** Your goal **
The lines in the listing below are to be given again exactly, starting at the line holding "1月21日,在南非首都約翰內" and ending at the line holding "c. Missing Nozzles(누락". Do not include pictures.

** Study material **
+ + + + + + +

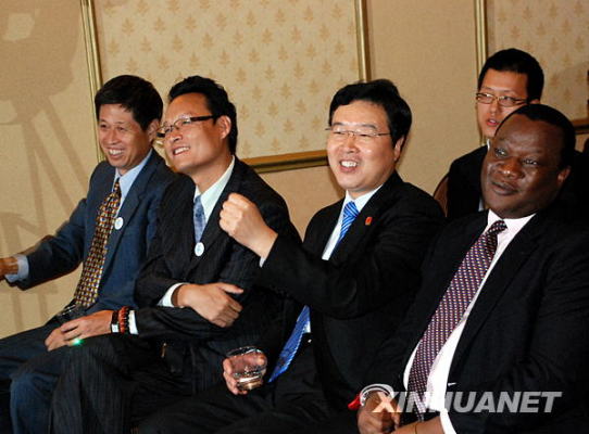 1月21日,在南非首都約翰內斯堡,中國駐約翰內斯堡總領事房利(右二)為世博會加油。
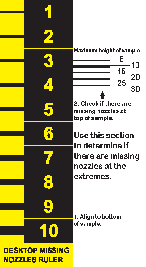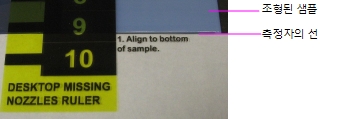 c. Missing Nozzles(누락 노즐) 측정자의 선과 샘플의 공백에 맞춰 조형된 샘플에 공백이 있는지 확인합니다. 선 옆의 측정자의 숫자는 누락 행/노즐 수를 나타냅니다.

+ + + + + + +

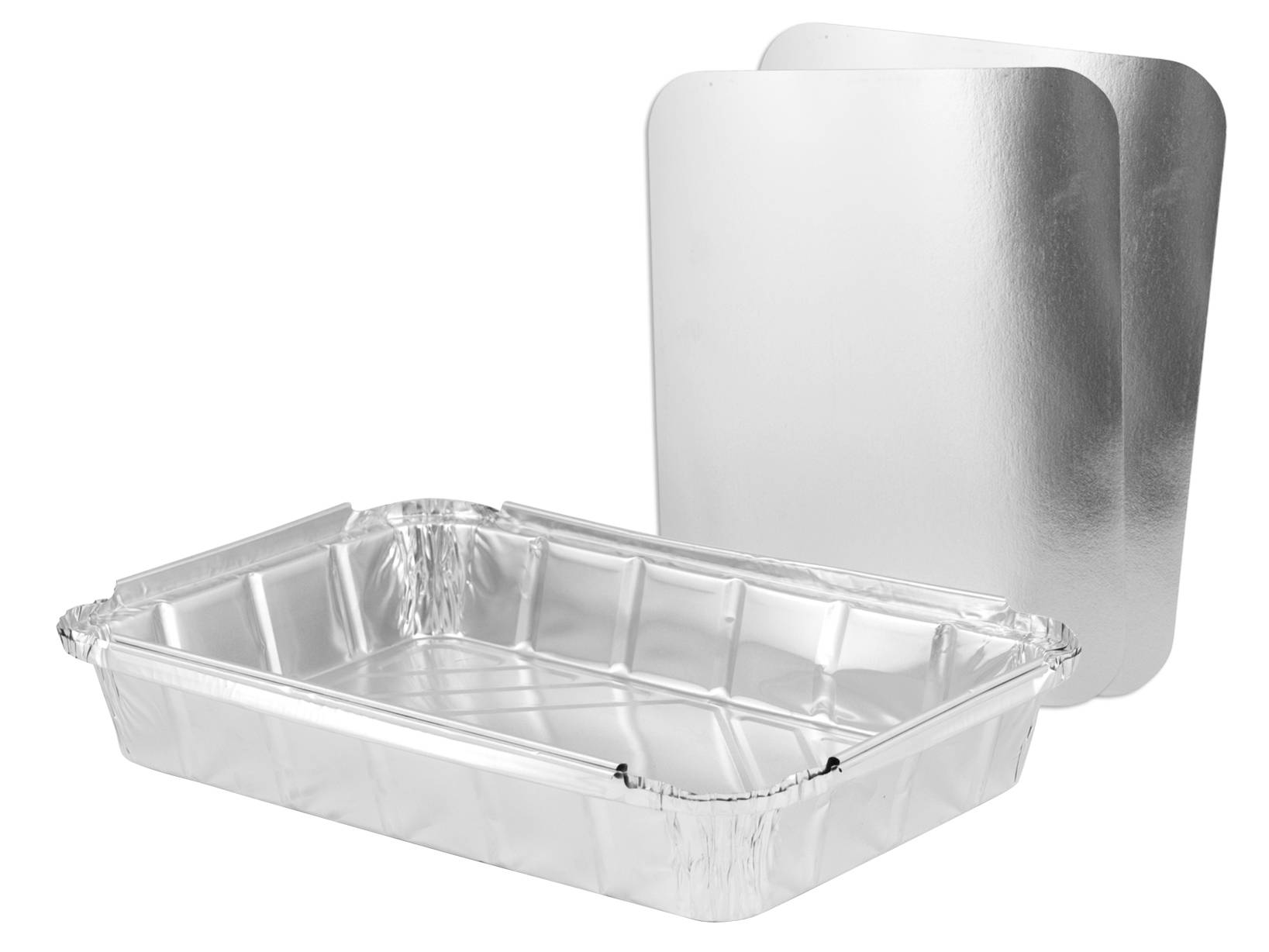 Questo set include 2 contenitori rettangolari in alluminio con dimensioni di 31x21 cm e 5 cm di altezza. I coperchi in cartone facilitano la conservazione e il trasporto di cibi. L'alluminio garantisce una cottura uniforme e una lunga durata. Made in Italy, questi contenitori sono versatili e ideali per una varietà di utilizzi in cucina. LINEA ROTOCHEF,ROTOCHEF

+ + + + + + +

** Exercise result **
 1月21日,在南非首都約翰內斯堡,中國駐約翰內斯堡總領事房利(右二)為世博會加油。
 c. Missing Nozzles(누락 노즐) 측정자의 선과 샘플의 공백에 맞춰 조형된 샘플에 공백이 있는지 확인합니다. 선 옆의 측정자의 숫자는 누락 행/노즐 수를 나타냅니다.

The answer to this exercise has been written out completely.